GitHub user Leondon9 created a discussion: Support waiting for asset partition 
readiness from time-scheduled DAGs

I am looking for guidance before attempting an implementation.

In time-scheduled DW/DataLake DAGs, `data_interval_start` and 
`data_interval_end` are often still the primary processing contract. 
Asset-triggered DAGs are useful, but switching a heavy batch consumer to 
`schedule=[Asset(...)]` changes the run semantics because asset-triggered runs 
intentionally do not have a logical date or data interval.
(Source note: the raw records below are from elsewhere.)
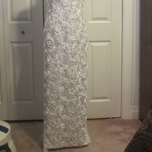 Has rose detail and sequence. V-neck front & back. I wore it on my wedding day & never since. I've lost some weight but if you want to see it on I can add pictures. Was keeping but my closet is too small & I'd rather have stuff in it I wear consistently. I still have the receipt as well to show what I pd for it.
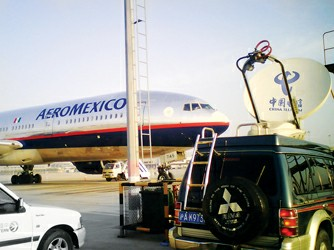圖2:中國電信上海公司緊急在浦東機(jī)場遠(yuǎn)機(jī)位安裝3G無線全球眼
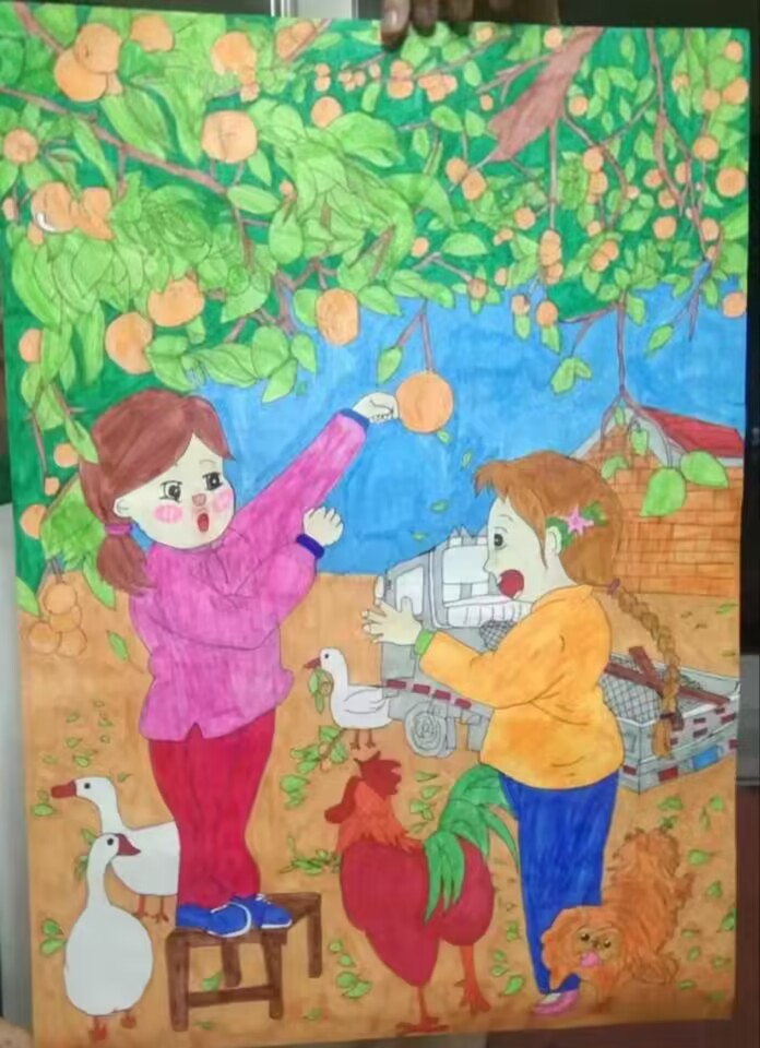 我生活在乡村,这里空汽清新,风景美丽。金秋时节,家乡处处洋溢着丰收的喜悦。大人、小孩都忙碌在田间地头。你瞧,果园里,果满树梢,乡村的孩子们亲手采摘着沉甸甸的果实,不仅感受到劳动带来的快乐,更多的是用心灵感受成长与收获!

The use case I am trying to model is:

- keep the consumer DAG time-scheduled, for example `@daily`
- keep SQL/business logic based on the consumer's data interval
- wait for an upstream Airflow asset partition, for example `orders / 
dt=2026-05-21`
- avoid coupling the consumer to the producer DAG's exact schedule via 
`ExternalTaskSensor(execution_date_fn=...)`

Today I can solve this with provider-specific sensors, such as S3, Hive, 
BigQuery, or Databricks partition sensors, or with `ExternalTaskSensor`. But I 
could not find an Airflow-native task-level way to wait for an `AssetEvent` / 
asset partition recorded in Airflow metadata.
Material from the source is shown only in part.